Stand: 05.01.2016 11:29 Uhr

Imre Kertész: "Roman eines Schicksallosen"

In 25 Folgen der Wissensreihe "Große Romane der Weltliteratur" streifen wir durch die Geschichte des Romans von den Anfängen bis in die Gegenwart. In dieser Folge dreht sich alles um Imre Kertész' "Roman eines Schicksallosen".

Von Hanjo Kesting

Imre Kertész, Nobelpreisträger © picture-alliance
Imre Kertés erhielt er als erster ungarischer Schriftsteller den Nobelpreis für Literatur.

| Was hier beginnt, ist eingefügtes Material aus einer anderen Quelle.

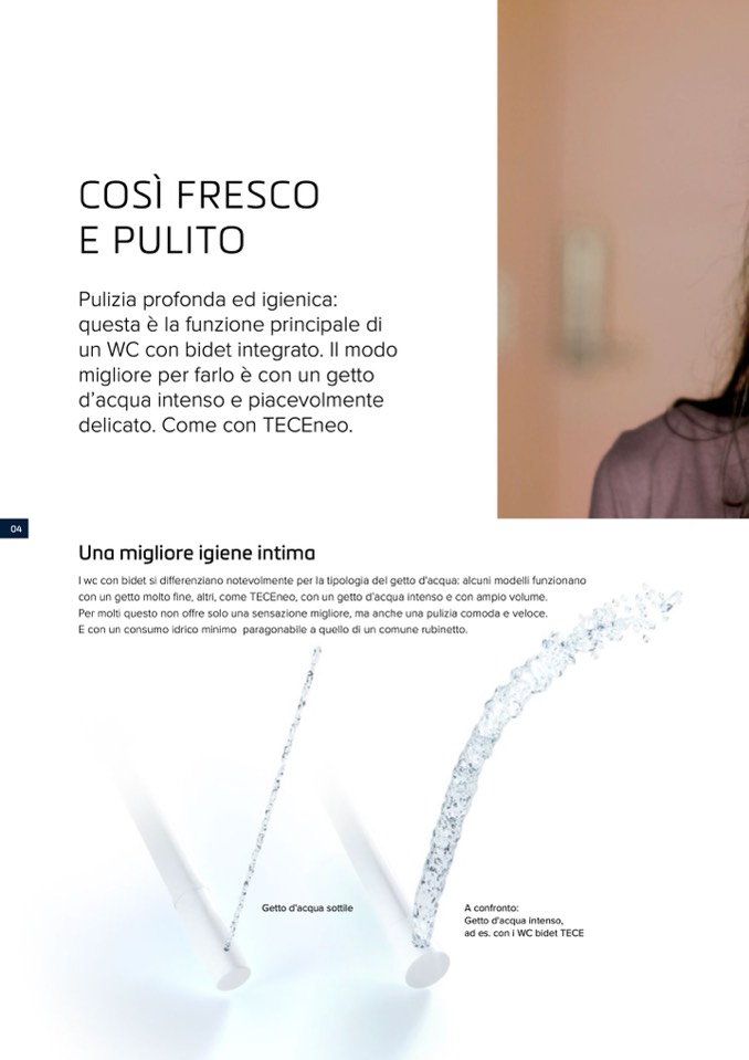 con un getto molto fine, altri, come TECEneo, con un getto d’acqua intenso e con ampio volume.

Im Jahr 1975 erschien in Budapest der Roman "Schicksallosigkeit" von Imre Kertész, der Erstlingsroman eines damals 46-jährigen Schriftstellers. Er blieb fast ohne Resonanz. Erst als das Buch 20 Jahre später bei Rowohlt-Berlin erschien, jetzt unter dem Titel "Roman eines Schicksallosen", wurde der Autor Imre Kertész schlagartig bekannt. Einige Jahre später erhielt er als erster ungarischer Schriftsteller den Nobelpreis für Literatur.

Auschwitz, eine "fremde, unnahbare Transzendenz"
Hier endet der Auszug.